What’s the first thing you do when you open an IELTS reading paper? Do you go straight to the questions, read them through, underline key words, and think of possible synonyms and paraphrasing that you might see in the text? Or do you read the first thing you see, which is (usually) text 1? I’ve taught IELTS for several years, and been an IELTS invigilator for a few, and seldom have I seen students and candidates do the latter. On the rare occasions a student or candidate does read the text first, it quickly becomes clear when watching them that they are generally reading the text intensively, trying to take in every word and sentence.

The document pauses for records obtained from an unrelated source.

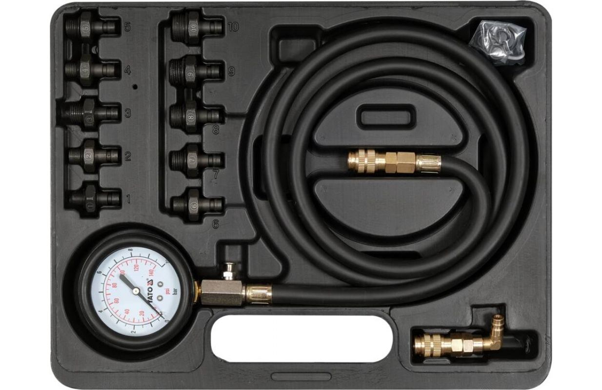 Манометр для измерения давления масла | с длинным шлангом и переходниками | 12 шт (YT-73031)
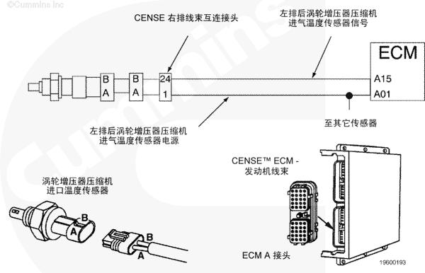 左排后渦輪增壓器壓縮機(jī)進(jìn)口溫度傳感器向 CENSE™ ECM 提供左排后渦輪增壓器壓縮機(jī)進(jìn)口溫度信號。傳感器的電阻值隨溫度變化。CENSE™ ECM 通過監(jiān)測與傳感器串連的內(nèi)部電阻器兩端的電壓檢測傳感器電阻的變化。內(nèi)部電阻器兩端電壓的變化被轉(zhuǎn)換成溫度的變化。
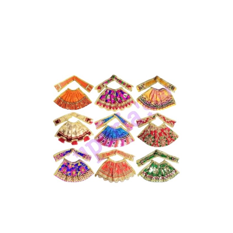 Maa Durga/Lakshmi/Saraswati/Parvati Idol Dress/Chunri/Patka & Lehanga Dress (9 Dresses) with (Mala Set) (Devi Dress) (Navratri Special) Multicolor. (9 Dresses with 2 MALA Set)
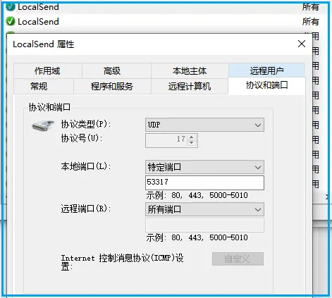 电脑端因为涉及到数据入出站,所以要在防火墙上放行相应端口。localsend 所使用的端口为 53317 既用到了 tcp 端口,也用到了 udp 端口。Windows 端口的软件也提供了自动添加防火墙规则,在故障排除选项中点击 “自动修复” 会运行一个修复脚本自动添加防火墙规则。
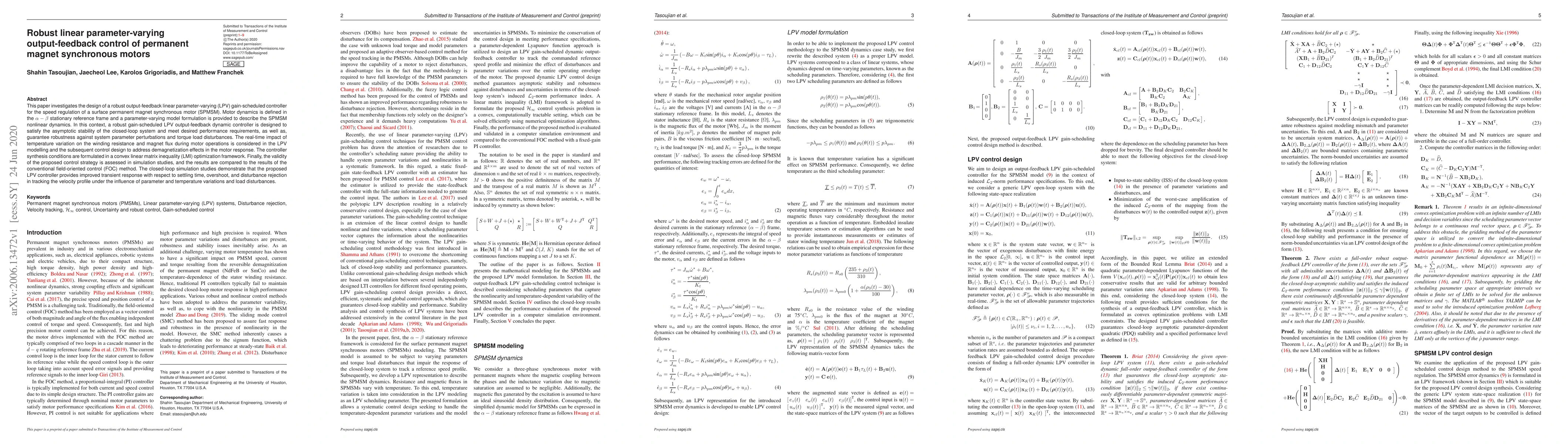 This paper develops a robust output-feedback LPV controller for surface permanent magnet synchronous motors, ensuring stability and performance under parameter and load variations, with simulations showing superior transient response compared to conventional control methods. The design utilizes convex LMI optimization for controller synthesis.
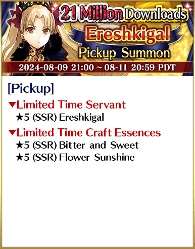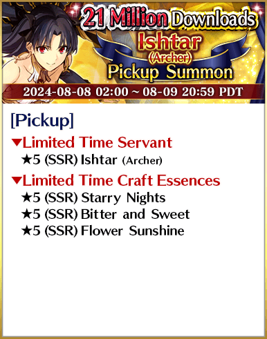 The following will also be ongoing for a limited time: - 21 Million Downloads Campaign - 21 Million Downloads Space Ishtar Pickup Summon Please see the articles linked below for more information.
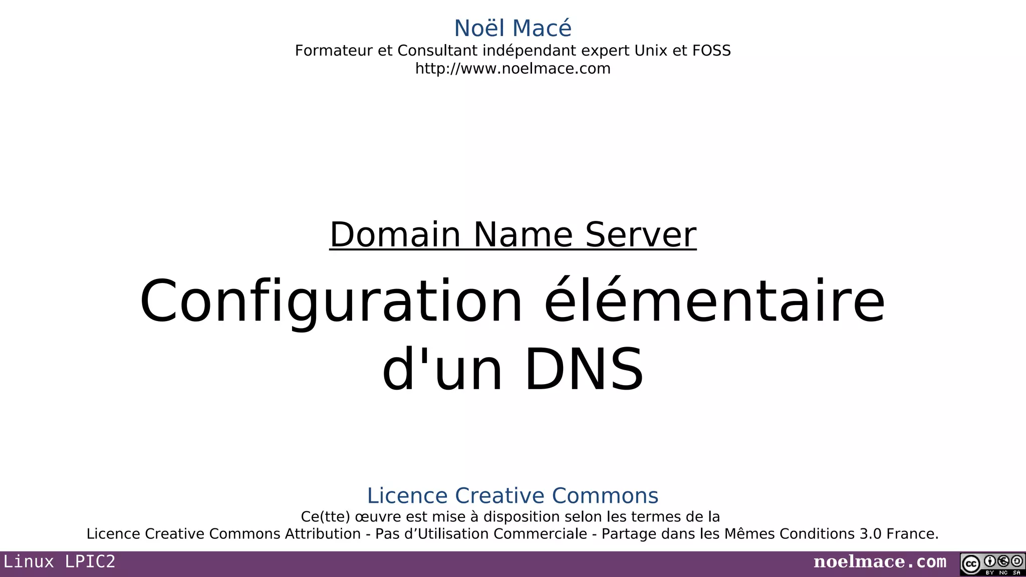 Ce document traite de la configuration d'un serveur DNS (Domain Name Server) en utilisant BIND, notamment sa hiérarchie, son fonctionnement et sa structure de fichiers. Il aborde également les options de configuration, la syntaxe des fichiers et les commandes pour gérer le serveur DNS. Enfin, il souligne l'importance de respecter les termes de la licence Creative Commons associée à l'œuvre.
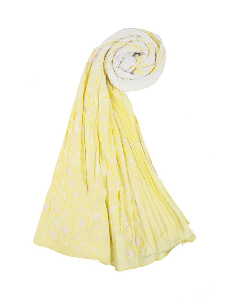 YELLOW-OFF WHITE LAWN STOLE | JLST-S-STL-US-21-2625 FB/STL-21-007
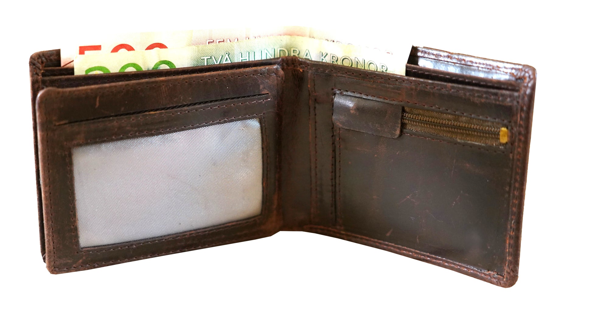 Denna plånbok med 2 sedelfack, kan ta upp till 7 kort inklusive ID och körkort, förutom myntfacket på höger sidan.

Ask any IELTS teacher, or consult any IELTS study book, and they’ll tell students that what they should do when they open the cover of the reading booklet is to read the first thing that appears – most often text 1 – and read it by skimming. Read the title and subtitle. Read paragraph headings, if there are any. Read the first and last sentence of each paragraph, and make a note of the main idea by the side of each. I’ve lost count of the number of times I’ve practised this strategy in class, only to have students panic and revert to the actions mentioned above when in test mode. “I don’t want to waste time skimming! I need to answer the questions quickly,” they’ll say, or “I have to understand the whole text before I can answer the questions, right?”
So why do teachers and books bang on about skimming the reading texts first? Simple – it really is more efficient, and really can save you time. The average IELTS reading text contains between eight and ten paragraphs. If the answer to the question you’re on is in paragraph nine, that’s a lot of text to read in not a lot of time. Instead of reading through every paragraph to find the answer, you can just glance at your notes and pinpoint the section you need to read. The time you save by not reading through multiple times to find the sections you need more than covers the time you’ve spent skimming and making a map of the text, which could end up making all the difference to your band score. How? Well, if you struggle to finish all the questions and resort to guessing the last few answers, that extra time could mean an extra couple of accurate answers, and so an extra couple of points, and so could bump you up an extra half band. And if you do manage to answer the questions in time, well the extra few minutes can be used to double check answers and pick up on any potential mistakes, therefore increasing your point, and potentially your band, score.
But what about the need to understand the whole text? In general English classes, reading the whole text is encouraged. Most comprehension questions and reading activities require students to have read and digested the text. Is this not the same for IELTS? Think about reading in your own language. When you’re reading an article online, or in a magazine, do you read it intensively straight away – or do you skim through it first to get the gist, then read more carefully if you’re interested? Most likely, you do the latter – and this is the approach that’s best suited to IELTS reading. You don’t need to take in the whole text in order to successfully answer the questions.
“Ah, but,” you may be thinking, “sometimes there’s a global understanding task. Surely I must read and understand the whole text to answer that correctly?” Well… no. In addition to using the heading and subheadings, and your notes on the text, you really only need to read the concluding paragraph(s) in detail to complete that task.
Now, there’s another reason why it’s a good idea to practise your skim-reading skills for IELTS. Chances are that if you’re taking the test, you’re likely planning on studying or working in an English-speaking country. Once you’ve skimmed your way to IELTS success, those skills can be transferred to your work or studies. Need to research your thesis and there are twenty chapters and articles that might be useful? Skim them to weed out the irrelevant! Got fifty emails at work to sift through and only ten minutes to do it in? Skim them and prioritise! I could go on (but I won’t). Skim-reading – it’s not just for IELTS!
In short, if you want to maximise your reading efficiency for IELTS, and life in general, then develop those skimming skills. You’ll be glad you did!